Newcome was on his feet. He moved slowly around the room, a glass in his hand, because if you went to the Pit, you had to buy a drink. You didn’t have to drink it, however; Newcome had been advised not to, as the drinks were said to contain things like benzene and turpentine and shoe dye for color. So Newcome circulated slowly, as most of the well-dressed men did. When he had made a complete circle and come back to the bar he rested his back against it and put his glass down.

“Another?” a barman said at once.

“Not yet.”

“You’ve held on to that one pretty long.”

Newcome thought he’d rather gag down the contents of the spittoon than drink what was in the glass, but he didn’t say so.
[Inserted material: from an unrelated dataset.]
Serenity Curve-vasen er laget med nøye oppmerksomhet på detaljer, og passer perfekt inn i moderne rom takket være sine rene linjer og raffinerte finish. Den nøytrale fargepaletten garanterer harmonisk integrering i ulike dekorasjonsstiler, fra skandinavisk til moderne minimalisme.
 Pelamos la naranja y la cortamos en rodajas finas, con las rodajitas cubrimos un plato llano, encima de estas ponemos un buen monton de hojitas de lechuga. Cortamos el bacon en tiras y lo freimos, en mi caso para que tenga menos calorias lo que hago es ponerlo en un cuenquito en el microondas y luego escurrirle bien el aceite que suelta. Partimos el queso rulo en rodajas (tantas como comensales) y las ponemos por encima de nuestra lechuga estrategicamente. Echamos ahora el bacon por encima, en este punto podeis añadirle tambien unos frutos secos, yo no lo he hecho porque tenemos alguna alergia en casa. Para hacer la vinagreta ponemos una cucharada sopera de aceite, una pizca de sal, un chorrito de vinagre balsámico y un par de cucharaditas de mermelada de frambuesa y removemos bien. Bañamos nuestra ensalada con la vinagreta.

He wanted to get drunk, but not here, and he wanted to get drunk, but not alone.

He looked around the walls. On his right, below an engraving of the Colosseum, was a face he hadn’t noticed before, probably a new arrival. Newcome, who was wearing a silk hat and a cashmere overcoat and who had a silver-topped stick in his right hand, cocked an eyebrow.

The young tough by the wall looked back with rather a sneer.
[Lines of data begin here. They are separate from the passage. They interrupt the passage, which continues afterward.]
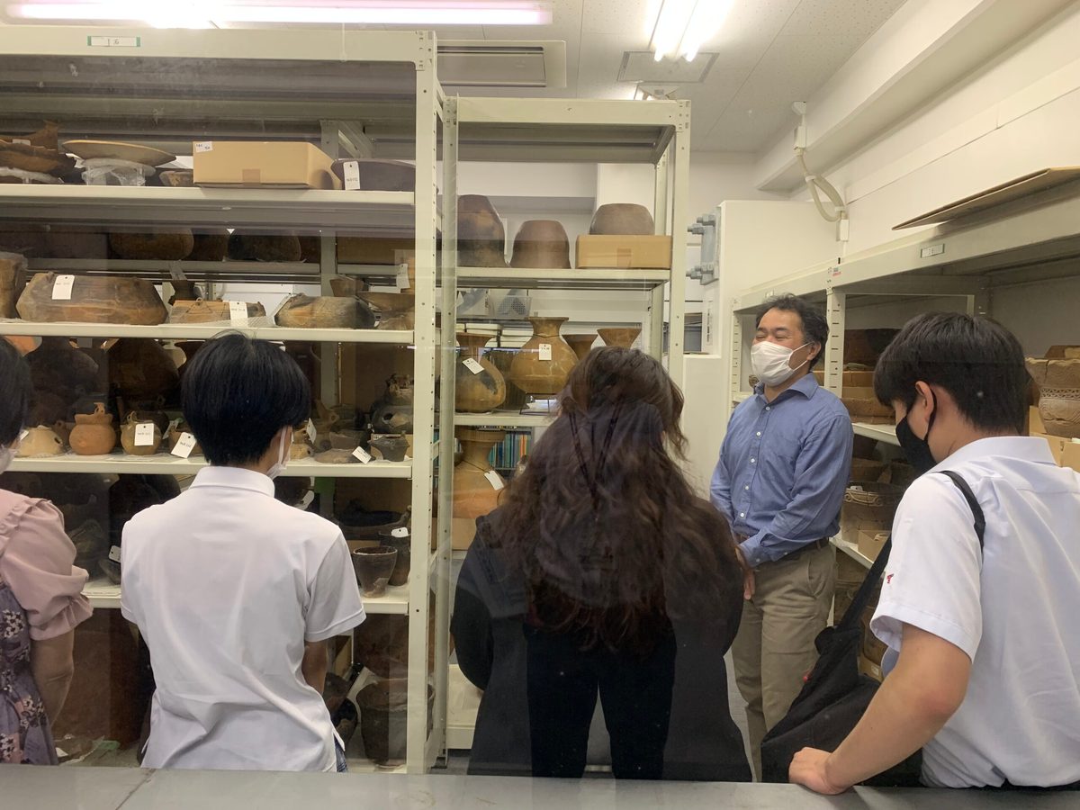 本学所蔵の古代エジプトコレクション、文学部歴史学科考古学専攻が保管している土器、文化社会学部広報メディア学科のスタジオ、そして11号館の図書館見学を実施いたしました。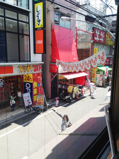 歩行者天国の時間帯には、リヤカー部隊が並ぶ活気ある商店街を眼下に望めます。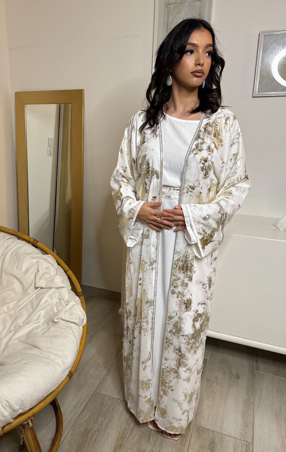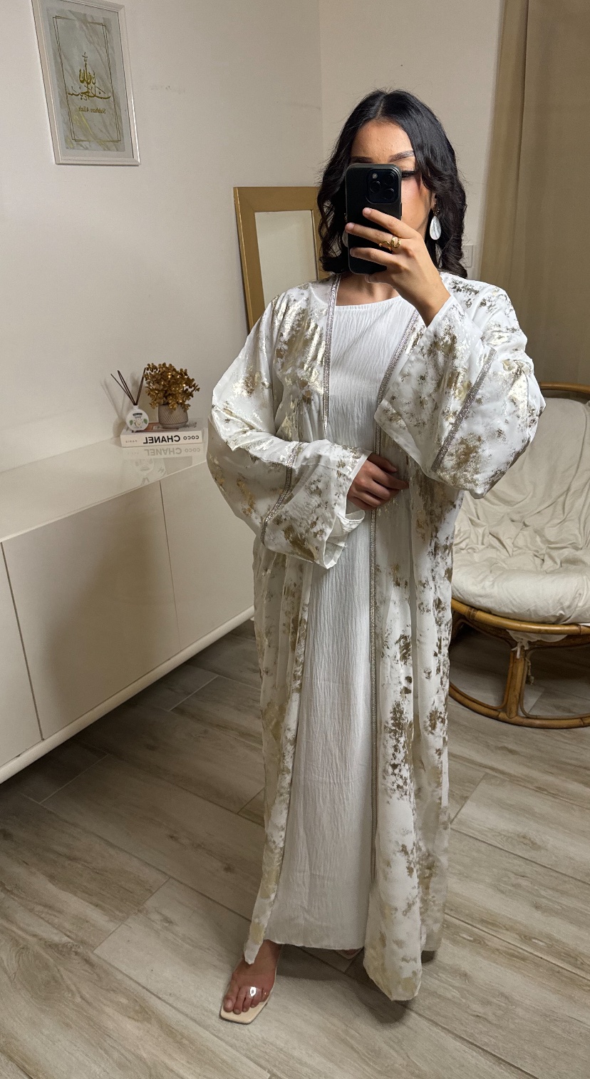 Son kimono Nidah Sa sous robe Son châle en mousseline assorti Avec une ceinture à nouer Précautions d’usage de votre Abaya Émiratie : Lavage main de préférence Laver avec des couleurs similaires uniquement Pas de séchage au sèche linge. Suspendre sur cintre pour sécher Repassage doux programme vapeur à l’envers uniquement MADE IN UAE TAILE: […]

Newcome tipped his head back as a summons.

The young man looked at him, his face sullen, his arms crossed, then shrugged and came slowly toward Newcome, weaving around other men who were in his way.

“Yeah?”

“I thought you looked as if you needed a drink.”

“Not the shit they serve here.”

“I was thinking of moving on to more salubrious climes.”

“Where’s that at?”

“I was thinking of Street’s, and then perhaps the Burnt Rag for some giggles. And then perhaps a Turkish bath to rid ourselves of the after-effects of what we’ve drunk, and then someplace private.”

“I wouldn’t mind that.”

“Your enthusiasm is infectious.”

“Don’t talk down to me, awright? You get snifty wit’ me, I’ll give you a couple good ones.”

“Only a couple? I’m disappointed in you.”

“My name’s Phil.”

“Well, Phil, my dear, why don’t we get out of this hole and find ourselves a spot where we can get beautifully drunk together and see what the night will bring.”

Phil looked around. He shrugged. “Suits me.”

Newcome nodded slowly, as if Phil had confirmed something rather sad. He had a fleeting nostalgia for somebody nicer, younger, fresher. He smiled and nodded toward the door. Phil was what was on offer.